• Your goal: Pictures are to be excluded. Please print only the lines from the one containing "Παντελόνι καμπάνα σε" through the end of the data, exactly as they appear.

• Information provided:

---

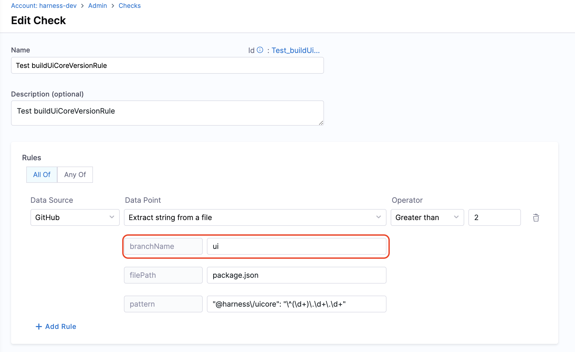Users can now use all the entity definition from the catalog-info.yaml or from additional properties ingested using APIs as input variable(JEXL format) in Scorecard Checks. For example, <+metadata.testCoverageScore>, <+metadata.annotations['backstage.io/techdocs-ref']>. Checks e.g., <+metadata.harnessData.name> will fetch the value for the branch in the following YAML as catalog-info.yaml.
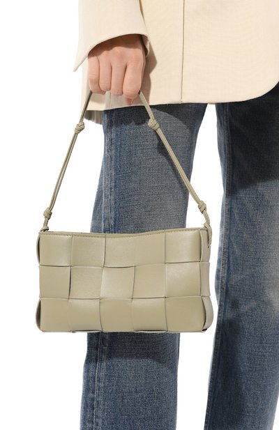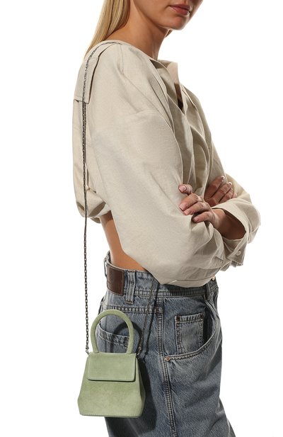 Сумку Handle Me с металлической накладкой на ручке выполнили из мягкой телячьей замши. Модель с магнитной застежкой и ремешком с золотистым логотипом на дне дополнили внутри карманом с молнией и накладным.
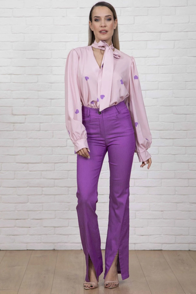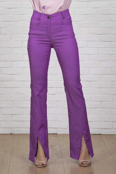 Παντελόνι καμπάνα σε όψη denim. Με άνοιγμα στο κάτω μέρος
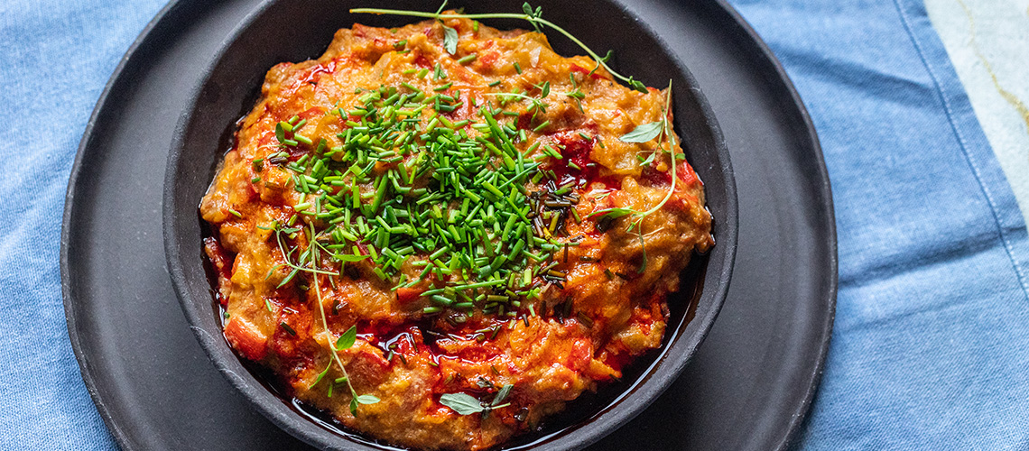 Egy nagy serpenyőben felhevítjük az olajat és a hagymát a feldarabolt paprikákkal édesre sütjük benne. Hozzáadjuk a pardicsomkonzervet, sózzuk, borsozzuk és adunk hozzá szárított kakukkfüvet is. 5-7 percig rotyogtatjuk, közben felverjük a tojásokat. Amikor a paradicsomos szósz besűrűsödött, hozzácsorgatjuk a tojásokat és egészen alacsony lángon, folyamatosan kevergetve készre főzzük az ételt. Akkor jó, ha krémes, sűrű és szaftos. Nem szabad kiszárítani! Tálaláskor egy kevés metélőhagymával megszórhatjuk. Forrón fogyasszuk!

---

• Your response:
 Παντελόνι καμπάνα σε όψη denim. Με άνοιγμα στο κάτω μέρος
 Egy nagy serpenyőben felhevítjük az olajat és a hagymát a feldarabolt paprikákkal édesre sütjük benne. Hozzáadjuk a pardicsomkonzervet, sózzuk, borsozzuk és adunk hozzá szárított kakukkfüvet is. 5-7 percig rotyogtatjuk, közben felverjük a tojásokat. Amikor a paradicsomos szósz besűrűsödött, hozzácsorgatjuk a tojásokat és egészen alacsony lángon, folyamatosan kevergetve készre főzzük az ételt. Akkor jó, ha krémes, sűrű és szaftos. Nem szabad kiszárítani! Tálaláskor egy kevés metélőhagymával megszórhatjuk. Forrón fogyasszuk!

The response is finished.